Extensions can perform four different types of high-level operations while being executed: insertions, deletions, updates, and simply doing nothing. An extension \(E_i\) does nothing when the result of its execution is the same as the input. As expected, the effect of the other operations (insertions, deletions and updates) implies that the new DOM is modified by the corresponding change.

Definition 1

Let \(E=\langle E_1, \ldots , E_i, \ldots , E_n\rangle \) with \(n>0\), be the set of extensions that a browser has already installed and DOM\(_0\) the original content provided as input. We define the execution pipeline as the result of the execution of the n extensions as composite functions: \(f_n\circ \ldots \circ f_1(\text {DOM}_0) = \text {DOM}_n\).

DOMs can be seen as trees [7]. We will use this fact to define the above operations in terms of operations on trees. Thus, if extension \(E_i\) only inserts elements in the DOM, then, \(\text {DOM}\subseteq f_i(\text {DOM})\). In case \(E_i\) only deletes something from DOM, then, \( f_i(\text {DOM}) \subseteq \text {DOM}\).
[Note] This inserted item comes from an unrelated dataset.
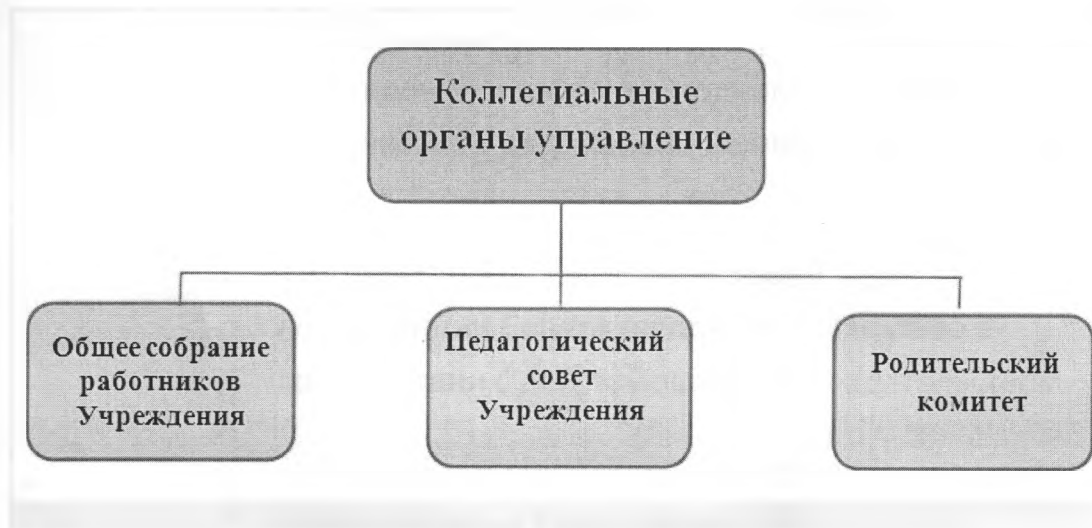
Схема 1. Коллегиальное управление ДОУ

Finally, if \(E_i\) only updates DOM, then \(f_i(\text {DOM}) = \text {DOM}_i\) where DOM is equal to DOM\(_i\) except for the field that has been updated.Footnote 5

We assume a tree operation that allows us to compare DOMs and give us the difference between them: \(\text {DOM} - \text {DOM}'\). Moreover, we say that DOM is smaller or equal than DOM’ (denoted DOM \(\le \) DOM’) if and only if DOM is a subtree of DOM’.Footnote 6

Finally, we say that the default knowledge of an extension is the amount of information it can get from the DOM at the moment of its execution. Note that the actual knowledge of an extension might not be equal to the default knowledge.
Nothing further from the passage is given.